The reason? Investors may be overstating how much the company’s AI deals will boost the underlying cloud business.
Overall, the biggest fear may be that too much enthusiasm may be concentrated in a painfully small minority of enterprises. Yes, investors may cheer the tremendous performance of the so-called Magnificent Seven, an elite group of tech giants that have recently combined to reach a market capitalization of nearly $21 trillion.
However, extreme success can also be a curse, in part because investors can get accustomed to flashing green ink. When the hit is no longer as robust, a corrective spell may materialize as market participants rotate into other sectors perceived to be more promising.
The Direxion ETFs: With both sides offering compelling arguments, those interested in speculating on the tech sector have a convenient mechanism to do so. Financial services provider Direxion offers two countervailing products, with both featuring extreme leverage.
For the optimists, the Direxion Daily Technology Bull 3X Shares ETF (NYSE: TECL) seeks the daily investment results of 300% of the performance of the aforementioned Technology Select Sector. On the other end, skeptics may consider the Direxion Daily Technology Bear 3X Shares ETF (NYSE: TECS), which tracks 300% of the inverse performance of the tech index.
Easily, one of the top attributes of Direxion’s leveraged and inverse products is the ability to foster speculation without having to use derivative mechanisms such as options. Another overlooked advantage is that these ETFs are debit-based transactions. Unlike credit-based trades, the speculator is not subject to tail risk, which is the threat of an ever-rising obligatory payment as the underwritten risk gets realized to the extreme ends of the distribution.

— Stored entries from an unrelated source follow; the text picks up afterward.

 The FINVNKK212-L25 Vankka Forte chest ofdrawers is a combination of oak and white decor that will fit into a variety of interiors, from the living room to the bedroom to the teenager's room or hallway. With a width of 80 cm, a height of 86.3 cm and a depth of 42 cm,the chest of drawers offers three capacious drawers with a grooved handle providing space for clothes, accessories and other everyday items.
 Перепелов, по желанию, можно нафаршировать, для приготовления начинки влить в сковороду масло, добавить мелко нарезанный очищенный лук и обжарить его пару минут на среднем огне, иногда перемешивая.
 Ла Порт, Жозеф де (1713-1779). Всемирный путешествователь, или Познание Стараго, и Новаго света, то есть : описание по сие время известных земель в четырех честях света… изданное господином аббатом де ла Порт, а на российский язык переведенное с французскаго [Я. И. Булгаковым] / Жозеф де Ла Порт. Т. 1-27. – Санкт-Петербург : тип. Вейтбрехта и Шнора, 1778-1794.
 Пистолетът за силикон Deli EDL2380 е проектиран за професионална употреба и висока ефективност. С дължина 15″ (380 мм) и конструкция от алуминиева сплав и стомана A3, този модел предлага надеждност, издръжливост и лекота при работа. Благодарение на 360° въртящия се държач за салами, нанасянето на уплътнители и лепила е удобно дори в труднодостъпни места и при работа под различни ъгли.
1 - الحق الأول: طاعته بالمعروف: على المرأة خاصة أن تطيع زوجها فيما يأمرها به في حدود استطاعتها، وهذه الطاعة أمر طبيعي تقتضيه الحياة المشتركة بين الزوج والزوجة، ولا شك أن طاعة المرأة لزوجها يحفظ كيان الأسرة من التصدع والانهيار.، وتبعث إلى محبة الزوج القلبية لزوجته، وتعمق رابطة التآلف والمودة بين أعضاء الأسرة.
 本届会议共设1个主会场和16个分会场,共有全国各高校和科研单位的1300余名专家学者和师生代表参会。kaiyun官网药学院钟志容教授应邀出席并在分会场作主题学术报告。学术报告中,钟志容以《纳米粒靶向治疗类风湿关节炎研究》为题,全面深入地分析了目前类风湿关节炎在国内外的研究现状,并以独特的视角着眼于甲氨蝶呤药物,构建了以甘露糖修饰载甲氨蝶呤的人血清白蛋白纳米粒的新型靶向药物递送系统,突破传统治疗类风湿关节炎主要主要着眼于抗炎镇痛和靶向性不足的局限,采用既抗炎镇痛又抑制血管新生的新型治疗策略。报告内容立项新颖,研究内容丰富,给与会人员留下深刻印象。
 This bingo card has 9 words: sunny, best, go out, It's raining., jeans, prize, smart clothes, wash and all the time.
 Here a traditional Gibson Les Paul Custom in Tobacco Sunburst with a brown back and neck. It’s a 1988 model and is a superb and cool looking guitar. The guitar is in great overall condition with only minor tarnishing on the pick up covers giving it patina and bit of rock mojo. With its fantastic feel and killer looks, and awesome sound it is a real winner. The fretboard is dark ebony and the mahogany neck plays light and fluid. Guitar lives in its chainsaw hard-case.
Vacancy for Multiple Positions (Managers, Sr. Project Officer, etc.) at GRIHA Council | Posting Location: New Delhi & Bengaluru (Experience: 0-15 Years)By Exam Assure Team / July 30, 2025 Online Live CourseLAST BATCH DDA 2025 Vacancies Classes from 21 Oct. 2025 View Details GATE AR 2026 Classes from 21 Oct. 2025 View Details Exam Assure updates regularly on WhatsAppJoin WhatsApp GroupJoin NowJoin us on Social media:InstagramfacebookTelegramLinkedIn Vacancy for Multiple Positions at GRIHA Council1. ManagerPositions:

That’s a fancy way of saying that ETF unitholders’ risk is limited to what they put into the trade.
Still, prospective participants must exercise extreme caution with leveraged and inverse ETFs. For one thing, these products tend to be far more volatile than funds tracking major indices such as the Nasdaq Composite. Second, Direxion ETFs are designed for exposure lasting no longer than one day — and that’s especially the case for 3X-leveraged funds. Otherwise, going beyond the recommended holding period may expose stakeholders to decay tied to the daily compounding effect.
The TECL ETF: An outperformer due to the tech sector’s many strengths, the TECL ETF has gained nearly 32% since the beginning of this year.
Momentum appears favorable, with TECL’s price action standing well above the 50-day and 200-day moving averages. Also, it’s positioned above the 20-day exponential moving average.
Since early this year, it’s possible that the TECL ETF may be charting a cup-and-handle formation. If so, this chart pattern may be signaling bullish moves ahead.
The TECS ETF: Skeptics of the innovation ecosystem haven’t had much to smile about, with the TECS ETF losing about 58% of market value this year.
In contrast to its bullish counterpart, the ultra-inverse fund sits firmly below the aforementioned moving averages, indicating an erosion of momentum.
What’s noteworthy, especially in contrast to TECL, is that the TECS ETF has seen a rise in accumulative volume. As such, more people could be joining the bearish side.